Why Wall Street is still bullish on stocks even with March rate cut hopes dashed (Part-2) 

After Wednesday's Fed meeting, Snider spoke with Yahoo Finance to reaffirm that he is unmoved by anything Powell stated during the press conference. He referenced the post-January Fed meeting projection update from Goldman's economics team. Despite shifting its forecast for the first rate drop from March to May, Goldman still expects eight 25 basis point decreases over the next two years.

This storyline has also been confirmed in Bloomberg's consensus projections. Despite Powell's remarks and last week's excellent employment report, the market still expected interest rates to finish 2024 at 4% as of Friday. That level remains unchanged from the previous two months.

Taken together, this suggests that, according to some optimistic strategists, nothing has changed about the tale for 2024 and even 2025.

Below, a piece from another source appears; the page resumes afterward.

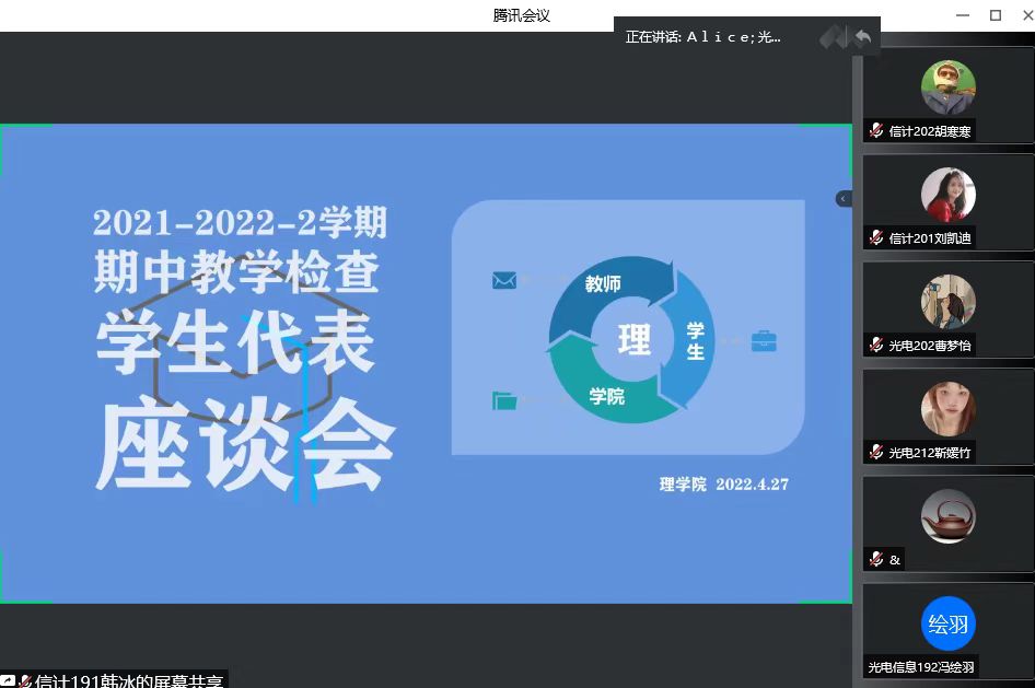 为了加强学院学风建设,打造良好的学习生活环境,更好地服务学生,2022年4月27日,澳门pg官方电子平台召开2021—2022学年第二学期期中教学检查学生代表座谈会。澳门pg官方电子平台副院长丁琦、综合办主任杨陈东、学生管理科科长李扬、信息与计算科学专业负责人张惠玲、光电信息科学与工程专业负责人王妙、团总支书记张岩及各班学生代表参加此次会议。会议由李扬主持。

Like Snider, Oppenheimer investment chief strategist John Stoltzfus thinks short-term investors should not stress over when the Federal Reserve will decrease rates.

"When you look at the trading floors and the trading rooms, what they trade on is very different than what intermediate to long-term money managers like myself are going to be looking at," Stoltzfus explained to Yahoo Finance Live. "What we look at is: We don't think the Fed has thus far pushed the economy into a recession.

A lot of bulls, like Brian Belski of BMO, would rather not guess where the Fed will set interest rates.

Earnings and other basic fundamentals are usually the ones they cite instead. Earnings growth is still anticipated for the next two years, as noted by TKer editor Sam Ro in the most recent Yahoo Finance Chartbook edition.

There’s actually no analytical evidence that we’re seeing any kind of earnings slowdown,” Belski told Yahoo Finance in a recent phone interview.